- **The task**
Copy out the data below from the line containing "20级农业工程与信息技术研究生高嘉欣在社区担任疫情防控志愿者负责核酸采样" to the line containing "創流80周年を越える、いけば", both lines included, with all images left out.

- **Exercise data**
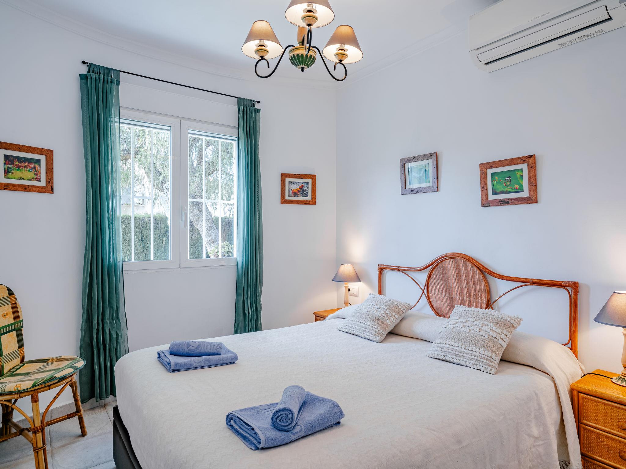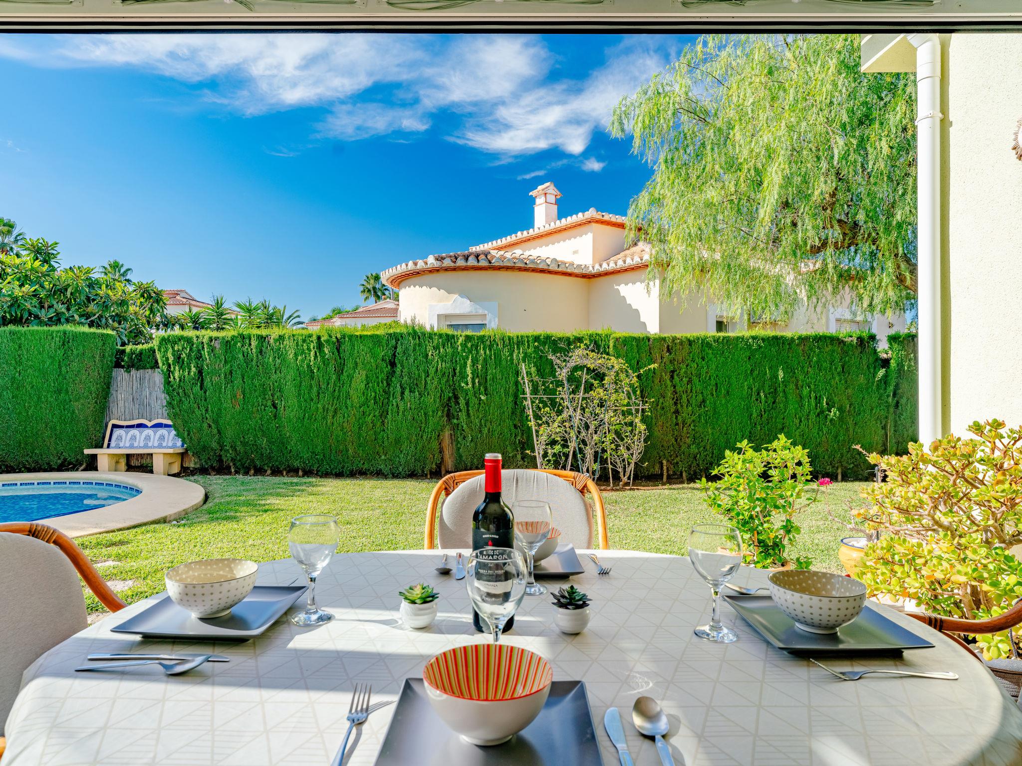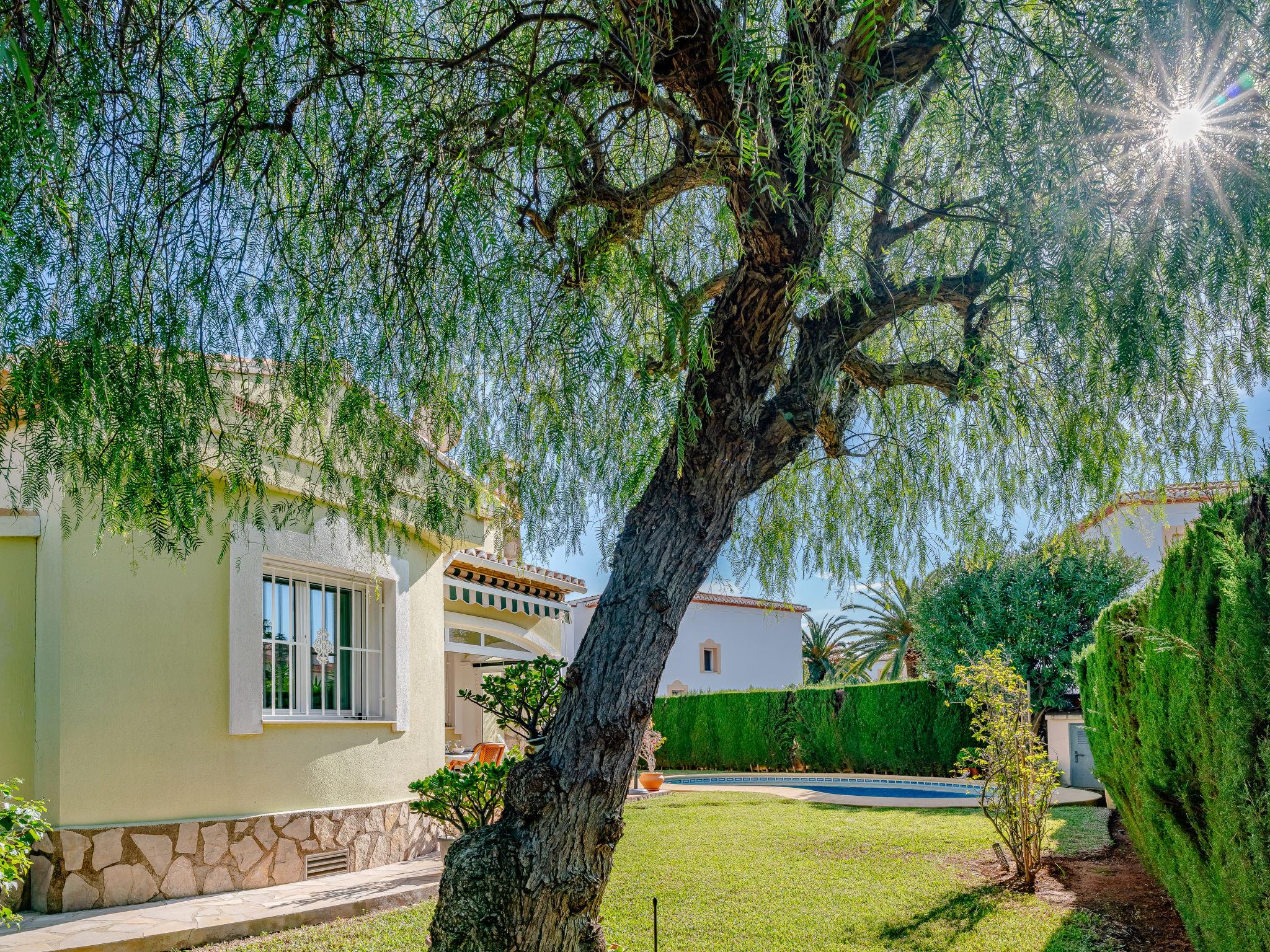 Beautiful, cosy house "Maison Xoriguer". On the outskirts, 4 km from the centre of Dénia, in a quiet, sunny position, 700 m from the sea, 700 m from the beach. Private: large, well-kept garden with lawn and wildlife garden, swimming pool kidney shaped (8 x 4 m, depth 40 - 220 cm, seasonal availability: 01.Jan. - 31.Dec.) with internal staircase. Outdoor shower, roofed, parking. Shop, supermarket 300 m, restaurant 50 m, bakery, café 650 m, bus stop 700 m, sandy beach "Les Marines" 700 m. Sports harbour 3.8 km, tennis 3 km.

---

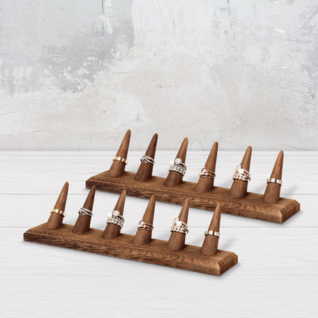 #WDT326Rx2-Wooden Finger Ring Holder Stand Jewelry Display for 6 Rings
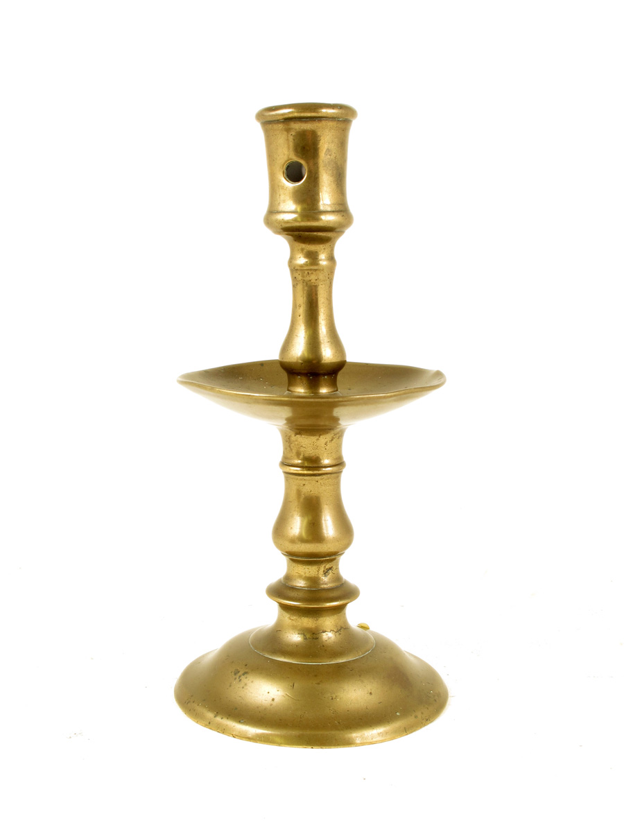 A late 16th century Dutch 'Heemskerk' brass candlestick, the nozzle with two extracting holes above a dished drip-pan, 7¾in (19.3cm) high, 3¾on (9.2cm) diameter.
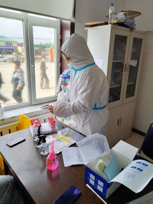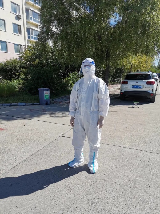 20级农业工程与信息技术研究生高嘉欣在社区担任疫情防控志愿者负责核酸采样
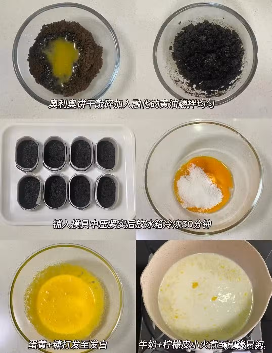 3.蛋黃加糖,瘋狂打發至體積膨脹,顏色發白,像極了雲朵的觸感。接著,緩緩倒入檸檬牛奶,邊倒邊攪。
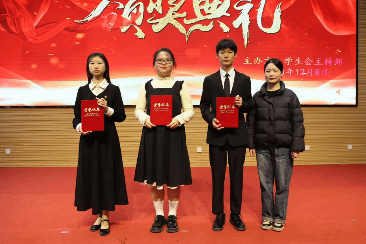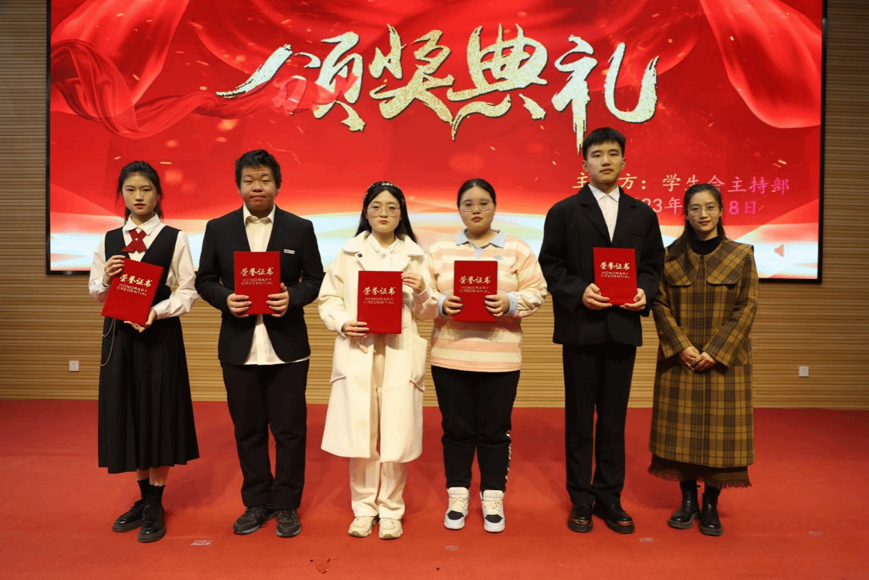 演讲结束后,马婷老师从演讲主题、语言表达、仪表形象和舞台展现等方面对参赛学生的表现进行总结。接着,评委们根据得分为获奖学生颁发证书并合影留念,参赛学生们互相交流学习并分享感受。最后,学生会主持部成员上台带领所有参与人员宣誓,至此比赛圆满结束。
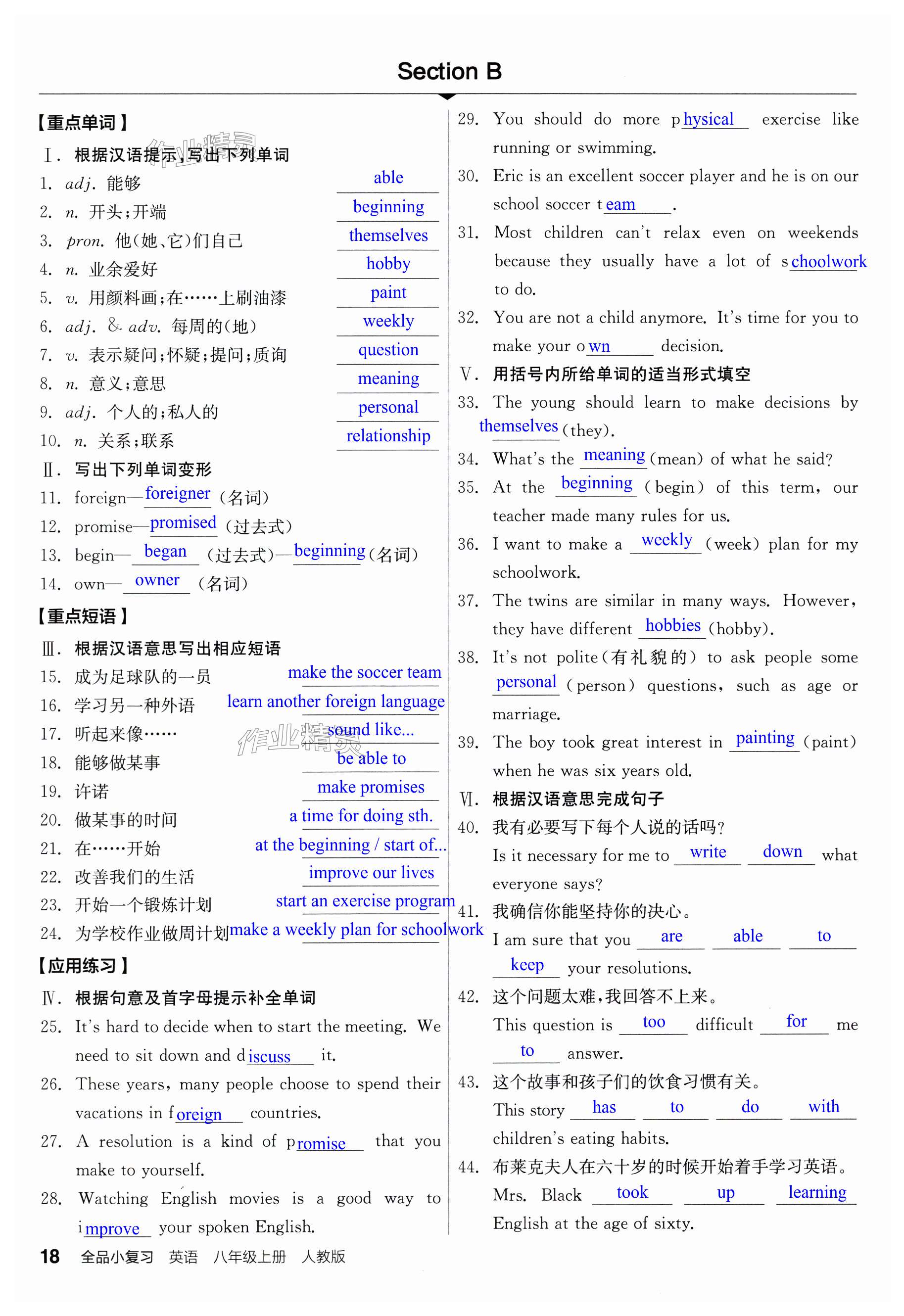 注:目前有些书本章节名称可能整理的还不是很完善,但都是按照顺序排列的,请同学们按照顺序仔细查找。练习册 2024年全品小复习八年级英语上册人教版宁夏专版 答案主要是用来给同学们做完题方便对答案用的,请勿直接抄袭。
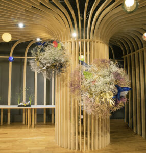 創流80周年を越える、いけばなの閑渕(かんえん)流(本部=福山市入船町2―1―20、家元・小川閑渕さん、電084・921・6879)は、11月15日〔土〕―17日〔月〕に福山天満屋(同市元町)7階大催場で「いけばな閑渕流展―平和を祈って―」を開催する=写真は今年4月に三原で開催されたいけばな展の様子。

==

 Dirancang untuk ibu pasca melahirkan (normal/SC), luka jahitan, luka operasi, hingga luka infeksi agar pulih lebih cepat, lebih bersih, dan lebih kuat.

- **Task solution**
 20级农业工程与信息技术研究生高嘉欣在社区担任疫情防控志愿者负责核酸采样
 3.蛋黃加糖,瘋狂打發至體積膨脹,顏色發白,像極了雲朵的觸感。接著,緩緩倒入檸檬牛奶,邊倒邊攪。
 演讲结束后,马婷老师从演讲主题、语言表达、仪表形象和舞台展现等方面对参赛学生的表现进行总结。接着,评委们根据得分为获奖学生颁发证书并合影留念,参赛学生们互相交流学习并分享感受。最后,学生会主持部成员上台带领所有参与人员宣誓,至此比赛圆满结束。
 注:目前有些书本章节名称可能整理的还不是很完善,但都是按照顺序排列的,请同学们按照顺序仔细查找。练习册 2024年全品小复习八年级英语上册人教版宁夏专版 答案主要是用来给同学们做完题方便对答案用的,请勿直接抄袭。
 創流80周年を越える、いけばなの閑渕(かんえん)流(本部=福山市入船町2―1―20、家元・小川閑渕さん、電084・921・6879)は、11月15日〔土〕―17日〔月〕に福山天満屋(同市元町)7階大催場で「いけばな閑渕流展―平和を祈って―」を開催する=写真は今年4月に三原で開催されたいけばな展の様子。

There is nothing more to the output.